Data Disk Latency (Preview): The average time to complete IOs during the monitoring for the data disk. Metric is only available for disks attached to VMs using SCSI disk controller and not with disk attached to VMs using the NVMe disk controller. Values are in milliseconds.
Data Disk Queue Depth: The number of current outstanding IO requests that are waiting to be read from or written to the data disk(s).
Data Disk Read Bytes/Sec: The number of bytes that are read in a second from the data disk(s). If Read-only or Read/write disk caching is enabled, this metric is inclusive of bytes read from the cache.
Data Disk Read Operations/Sec: The number of input operations that are read in a second from data disk(s). If Read-only or Read/write disk caching is enabled, this metric is inclusive of IOPs read from the cache.
Data Disk Write Bytes/Sec: The number of bytes that are written in a second from the data disk(s).
Data Disk Write Operations/Sec: The number of output operations that are written in a second from data disk(s).
Disk Read Bytes: The number of total bytes that are read in a minute from all disks attached to a VM. If Read-only or Read/write disk caching is enabled, this metric is inclusive of bytes read from the cache.
Disk Read Operations/Sec: The number of input operations that are read in a second from all disks attached to a VM. If Read-only or Read/write disk caching is enabled, this metric is inclusive of IOPs read from the cache.
Disk Write Bytes: The number of bytes that are written in a minute from all disks attached to a VM.
Disk Write Operations/Sec: The number of output operations that are written in a second from all disks attached to a VM.
Temp Disk Latency (Preview): The average time to complete IOs during the monitoring for the temporary disk. This metric is not available for NVMe temporary storage disks. Values are in milliseconds.
Temp Disk Queue Depth: The number of current outstanding IO requests that are waiting to be read from or written to the temporary disk. This metric is not available for NVMe temporary storage disks.
Temp Disk Read Bytes/Sec: The number of bytes that are read in a second from the temporary disk. This metric is not available for NVMe temporary storage disks.
Temp Disk Read Operations/Sec: The number of input operations that are read in a second from the temporary disk. This metric is not available for NVMe temporary storage disks.
Temp Disk Write Bytes/Sec: The number of bytes that are written in a second from the temporary disk.

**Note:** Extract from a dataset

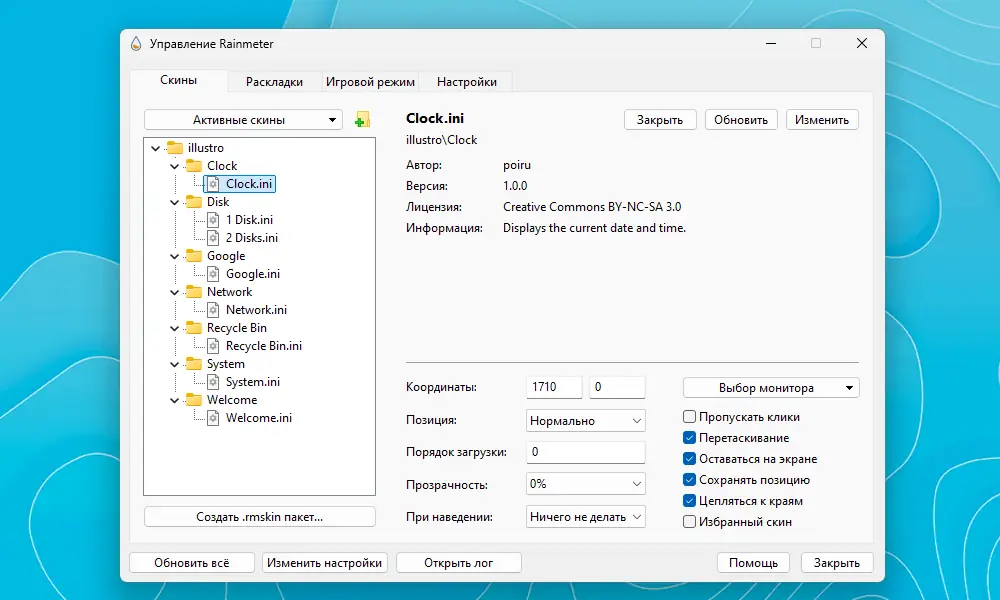 - Некоторые скины могут снижать производительность системы при неправильной настройке

This metric is not available for NVMe temporary storage disks.
Temp Disk Write Operations/Sec: The number of output operations that are written in a second from the temporary disk. This metric is not available for NVMe temporary storage disks.

Note

Disk metrics can't log CRUD (Create, Read, Update, Delete) operations inside managed disks.

Bursting metrics

The following metrics help with observability into our bursting feature on our premium disks:

Data Disk Max Burst Bandwidth: The throughput limit that the data disk(s) can burst up to.
OS Disk Max Burst Bandwidth: The throughput limit that the OS disk can burst up to.
Data Disk Max Burst IOPS: the IOPS limit that the data disk(s) can burst up to.
OS Disk Max Burst IOPS: The IOPS limit that the OS disk can burst up to.
Data Disk Target Bandwidth: The throughput limit that the data(s) disk can achieve without bursting.
OS Disk Target Bandwidth: The throughput limit that the OS disk can achieve without bursting.
Data Disk Target IOPS: The IOPS limit that the data disk(s) can achieve without bursting.
OS Disk Target IOPS: The IOPS limit that the data disk(s) can achieve without bursting.
Data Disk Used Burst BPS Credits Percentage: The accumulated percentage of the throughput burst used for the data disk(s). Emitted on a 5 minute interval.
OS Disk Used Burst BPS Credits Percentage: The accumulated percentage of the throughput burst used for the OS disk. Emitted on a 5 minute interval.
Data Disk Used Burst IO Credits Percentage: The accumulated percentage of the IOPS burst used for the data disk(s). Emitted on a 5 minute interval.
OS Disk Used Burst IO Credits Percentage: The accumulated percentage of the IOPS burst used for the OS disk. Emitted on a 5 minute interval.
Disk On-demand Burst Operations: The accumulated operations of burst transactions used for disks with on-demand bursting enabled. Emitted on an hour interval.

VM Bursting metrics

The following metrics provide insight on VM-level bursting:

VM Uncached Used Burst IO Credits Percentage: The accumulated percentage of the VM’s uncached IOPS burst used. Emitted on a 5 minute interval.
VM Uncached Used Burst BPS Credits Percentage: The accumulated percentage of the VM’s uncached throughput burst used. Emitted on a 5 minute interval.
VM Cached Used Burst IO Credits Percentage: The accumulated percentage of the VM’s cached IOPS burst used. Emitted on a 5 minute interval.
VM Cached Used Burst BPS Credits Percentage: The accumulated percentage of the VM’s cached throughput burst used. Emitted on a 5 minute interval.

Storage IO utilization metrics

The following metrics help diagnose bottleneck in your Virtual Machine and Disk combination. These metrics are only available on VM series that support premium storage.

Metrics that help diagnose disk IO capping:

Data Disk IOPS Consumed Percentage: The percentage calculated by dividing the actual data disk IOPS completed by the provisioned data disk IOPS. If this amount is at 100%, your application running is IO capped from your data disk's IOPS limit.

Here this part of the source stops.